Okay, so fair warning, this is a post about AI tooling from someone who does not use it much! I feel underqualified to write this post. But I think it'll be interesting to look back on. And being underqualified to write something should not stop me from doing so. Not on my own personal blog. Anyway, let's get into it:

The normative form for interacting with what we think of as "AI" is something like this:

there's a chat
you type a question
you wait for a few seconds
you start seeing an answer. you start reading it
you read or scan some more tens of seconds longer, while the rest of the response appears
you maybe study the response in more detail
you respond
the loop continues

If you do this all day... you probably need to subscribe to the service. Each query costs real money to produce (as opposed to the standard expectation for web services, which is "virtually free").

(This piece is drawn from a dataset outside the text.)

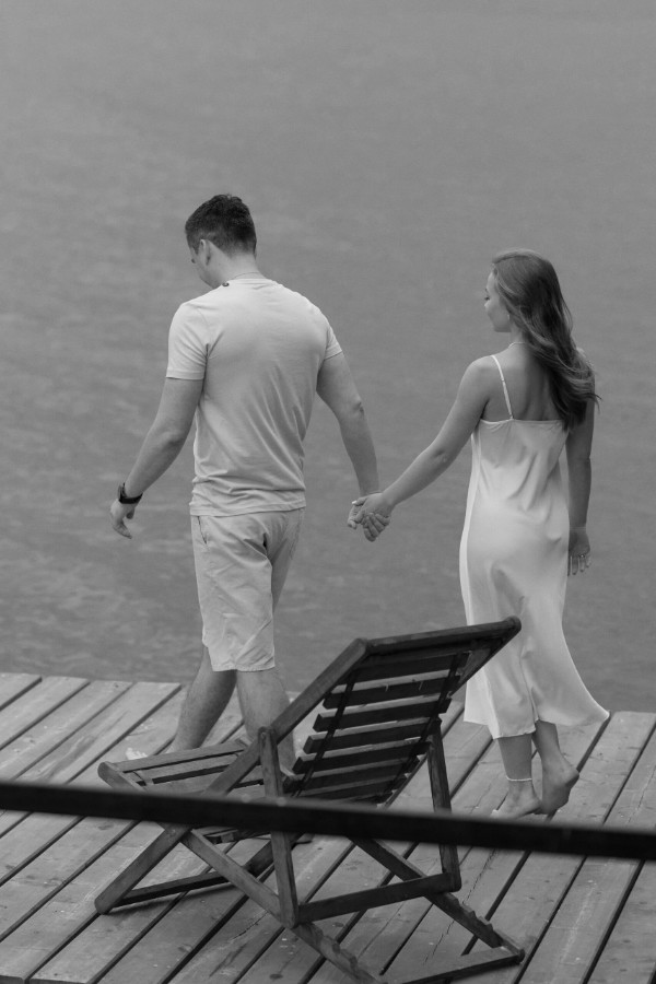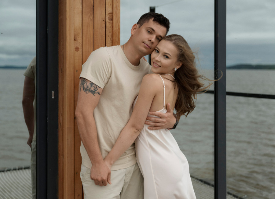 Предсвадебная съёмка прошла в спокойной и уютной атмосфере у воды. Мы выбрали место, где можно почувствовать тишину, пространство и немного уединения.

Coders use a slightly different version of this, where they connect the documents they're working on to the AI so the AI can operate directly upon them. And then they only do the typing & reviewing part on the order of every minutes, instead. But this flow of asking questions and waiting for a response is still very much present.

Now, when I think about the properties a good tool has, what I personally run through when thinking about how to improve tooling, I think of the following things [^1]:

Low latency

The smaller the gap between trying something and seeing whether it works, the better. Different processes can vary in terms of how big this feedback loop is by orders of magnitudes. If you write a movie script, you're not gonna properly see how that turns into a film for years. And by then it's too late. Seems very scary to make a movie, to me! If you type on a computer that's lagging and the letters take half a second to appear, that's very annoying, and you're probably going to make more errors than otherwise. But always: the less latency, the better. And there are step changes, too, where you can get fast enough to fall into a different perceptual category. Once things have a small enough delay, then we stop seeing them as something that happens after, and we start seeing them as something that happens while. And that's much better. Or, if you go from tens of seconds to single digit numbers of seconds, then there's much less scope to get distracted while waiting - again, much better.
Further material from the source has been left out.